Choi Eun Jeong, Kim Dong Keun
Department of Computer Science, Graduate School, Sangmyung University, Seoul, Korea.
Department of Intelligent Engineering Informatics for Human, College of Convergence Engineering, Sangmyung University, Seoul, Korea.
Healthc Inform Res. 2018 Oct;24(4):309-316. doi: 10.4258/hir.2018.24.4.309. Epub 2018 Oct 31.
Both the valence and arousal components of affect are important considerations when managing mental healthcare because they are associated with affective and physiological responses. Research on arousal and valence analysis, which uses images, texts, and physiological signals that employ deep learning, is actively underway; research investigating how to improve the recognition rate is needed.

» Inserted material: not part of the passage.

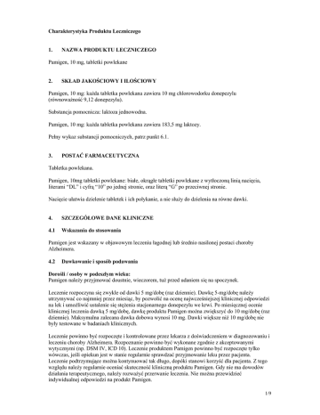 Charakterystyka Produktu Leczniczego 1. NAZWA PRODUKTU LECZNICZEGO Pamigen, 10 mg, tabletki powlekane 2. SKŁAD JAKOŚCIOWY I ILOŚCIOWY Pamigen, 10 mg: kaŜda tabletka powlekana zawiera 10 mg chlorowodorku donepezylu (równowaŜność 9,12 donepezylu). Substancja pomocnicza: laktoza jednowodna. Pamigen, 10 mg: kaŜda tabletka powlekana zawiera 183,5 mg laktozy. Pełny wykaz substancji pomocniczych, patrz punkt 6.1. 3. POSTAĆ FARMACEUTYCZNA Tabletka powlekana. Pamigen, 10mg tabletki powlekane: białe, okrągłe tabletki powlekane z wytłoczoną linią nacięcia, literami “DL” i cyfrą “10” po jednej stronie, oraz literą “G” po przeciwnej stronie. Nacięcie ułatwia dzielenie tabletek i ich połykanie, a nie słuŜy do dzielenia na równe dawki. 4. SZCZEGÓŁOWE DANE KLINICZNE 4.1 Wskazania do stosowania Pamigen jest wskazany w objawowym leczeniu łagodnej lub średnio nasilonej postaci choroby Alzheimera. 4.2 Dawkowanie i sposób podawania Dorośli / osoby w podeszłym wieku: Pamigen naleŜy przyjmować doustnie, wieczorem, tuŜ przed udaniem się na spoczynek. Leczenie rozpoczyna się zwykle od dawki 5 mg/dobę (raz dziennie). Dawkę 5-mg/dobę naleŜy utrzymywać co najmniej przez miesiąc, by pozwolić na ocenę najwcześniejszej klinicznej odpowiedzi na lek i umoŜliwić ustalenie się stęŜenia stacjonarnego donepezylu we krwi. Po miesięcznej ocenie klinicznej leczenia dawką 5 mg/dobę, dawkę produktu Pamigen moŜna zwiększyć do 10 mg/dobę (raz dziennie). Maksymalna zalecana dawka dobowa wynosi 10 mg. Dawki większe niŜ 10 mg/dobę nie były testowane w badaniach klinicznych. Leczenie powinno być rozpoczęte i kontrolowane przez lekarza z doświadczeniem w diagnozowaniu i leczeniu choroby Alzheimera. Rozpoznanie powinno być wykonane zgodnie z akceptowanymi wytycznymi (np. DSM IV, ICD 10). Leczenie produktem Pamigen powinno być rozpoczęte tylko wówczas, jeśli opiekun jest w stanie regularnie sprawdzać przyjmowanie leku przez pacjenta. Leczenie podtrzymujące moŜna kontynuować tak długo, dopóki stanowi korzyść dla pacjenta. Z tego względu naleŜy regularnie oceniać skuteczność kliniczną produktu Pamigen. Gdy nie ma dowodów działania terapeutycznego, naleŜy rozwaŜyć przerwanie leczenia. Nie moŜna przewidzieć indywidualnej odpowiedzi na produkt Pamigen. 1/9 Po przerwaniu leczenia obserwuje się stopniowe zanikanie korzystnych efektów działania produktu Pamigen. Zaburzenia czynności wątroby / nerek: U pacjentów z upośledzeniem czynności nerek moŜna stosować podobny schemat dawkowania, poniewaŜ wydalanie produktu Pamigen nie zaleŜy od sprawności nerek. Ze względu na moŜliwość zwiększonego naraŜenia (patrz punkt 5.2) u pacjentów z łagodnym lub średnio nasilonym upośledzeniem czynności wątroby zaleca się zwiększanie dawki w zaleŜności od indywidualnej tolerancji pacjenta. Brak danych odnośnie stosowania leku u chorych z cięŜką niewydolnością wątroby. Dzieci: Pamigen jest zalecany do stosowania wyłącznie u osób dorosłych . 4.3 Przeciwwskazania NadwraŜliwość na chlorowodorek donepezylu, pochodne piperydyny lub którykolwiek ze składników leku. 4.4 Specjalne ostrzeŜenia i środki ostroŜności dotyczące stosowania Nie badano stosowania produktu Pamigen u pacjentów z zaawansowaną chorobą Alzheimera, innymi rodzajami demencji, innymi rodzajami zaburzeń pamięci (np. zaburzeniami poznawczymi związanymi z wiekiem). Znieczulenie: Donepezyl, jako inhibitor cholinesterazy moŜe podczas znieczulenia nasilać zwiotczenie mięśni wywołane sukcynylocholiną lub jej pochodnymi. Choroby układu sercowo-naczyniowego: Ze względu na swoje działanie farmakologiczne inhibitory cholinesterazy mogą wywierać wpływ wagotoniczny na serce (np. wywoływać bradykardię). Ten wpływ moŜe być szczególnie istotny dla pacjentów z zespołem chorej zatoki lub innymi nadkomorowymi zaburzeniami przewodzenia, takimi jak blok zatokowo-przedsionkowy lub przedsionkowo-komorowy. Istnieją doniesienia o omdleniach i drgawkach. U takich pacjentów naleŜy brać pod uwagę moŜliwość bloku sercowego lub wydłuŜenia czasu pobudzeń zatokowych. Dolegliwości Ŝołądkowo-jelitowe: Pacjenci z grup podwyŜszonego ryzyka rozwoju choroby wrzodowej, tzn. osoby z chorobą wrzodową w wywiadzie lub leczone obecnie niesteroidowymi lekami przeciwzapalnymi (NLPZ), powinny być monitorowane pod kątem ewentualnych objawów. Jednak badania kliniczne donepezylu nie wykazały wzrostu częstości w porównaniu do placebo wrzodów trawiennych ani krwawień z przewodu pokarmowego. Dolegliwości układu moczowo-płciowego: Jakkolwiek nie obserwowano tego w badaniach klinicznych donepezylu, cholinomimetyki mogą hamować odpływ moczu z pęcherza. 2/9 Dolegliwości neurologiczne: Drgawki: przypuszcza się, Ŝe cholinomimetyki mają pewien potencjał do wywoływania uogólnionych drgawek, jednak aktywność drgawkowa moŜe być teŜ przejawem choroby Alzheimera. Cholinomimetyki mogą teŜ nasilać lub wywoływać objawy pozapiramidowe. Dolegliwości układu oddechowego: Ze względu na działanie cholinomimetyczne inhibitory cholinesterazy naleŜy przepisywać ostroŜnie pacjentom, u których rozpoznano astmę lub POChP (przewlekłą chorobę obturacyjną płuc). NaleŜy unikać podawania produktu Pamigen jednocześnie z innymi inhibitorami acetylocholinesterazy, agonistami lub antagonistami układu cholinergicznego. CięŜka niewydolność wątroby: Brak danych dotyczacych stosowania leku u chorych z cięŜką niewydolnością wątroby. Produkt leczniczy zawiera laktozę: Produkt zawiera laktozę, dlatego nie naleŜy go stosować u pacjentów z rzadko występującą dziedziczną nietolerancją galaktozy, niedoborem laktazy (typu Lapp) lub zespołem złego wchłaniania glukozy-galaktozy. Umieralność ogólna w badaniach klinicznych nad otępieniem naczyniopochodnym Przeprowadzono trzy badania kliniczne trwające 6 miesięcy. Badano w nich osoby

The goal of this research was to design a deep learning framework and model to classify arousal and valence, indicating positive and negative degrees of emotion as high or low.
The proposed arousal and valence classification model to analyze the affective state was tested using data from 40 channels provided by a dataset for emotion analysis using electrocardiography (EEG), physiological, and video signals (the DEAP dataset). Experiments were based on 10 selected featured central and peripheral nervous system data points, using long short-term memory (LSTM) as a deep learning method.
The arousal and valence were classified and visualized on a two-dimensional coordinate plane. Profiles were designed depending on the number of hidden layers, nodes, and hyperparameters according to the error rate. The experimental results show an arousal and valence classification model accuracy of 74.65 and 78%, respectively. The proposed model performed better than previous other models.
The proposed model appears to be effective in analyzing arousal and valence; specifically, it is expected that affective analysis using physiological signals based on LSTM will be possible without manual feature extraction. In a future study, the classification model will be adopted in mental healthcare management systems.
在管理精神卫生保健时,情感的效价和唤醒成分都是重要的考虑因素,因为它们与情感和生理反应相关。目前正在积极开展关于使用图像、文本和采用深度学习的生理信号进行唤醒和效价分析的研究;需要开展研究来探究如何提高识别率。本研究的目标是设计一个深度学习框架和模型,用于对唤醒和效价进行分类,将情感的正负程度表示为高或低。
使用来自一个用于情感分析的数据集提供的40个通道的数据(该数据集包含心电图(EEG)、生理和视频信号,即DEAP数据集),对所提出的用于分析情感状态的唤醒和效价分类模型进行测试。实验基于10个选定的中枢和外周神经系统特征数据点,使用长短期记忆(LSTM)作为深度学习方法。
在二维坐标平面上对唤醒和效价进行分类并可视化。根据错误率,依据隐藏层数量、节点和超参数设计了配置文件。实验结果表明,唤醒和效价分类模型的准确率分别为74.65%和78%。所提出的模型比之前的其他模型表现更好。
所提出的模型似乎在分析唤醒和效价方面有效;具体而言,预计无需手动特征提取,基于LSTM使用生理信号进行情感分析将成为可能。在未来的研究中,该分类模型将被应用于精神卫生保健管理系统。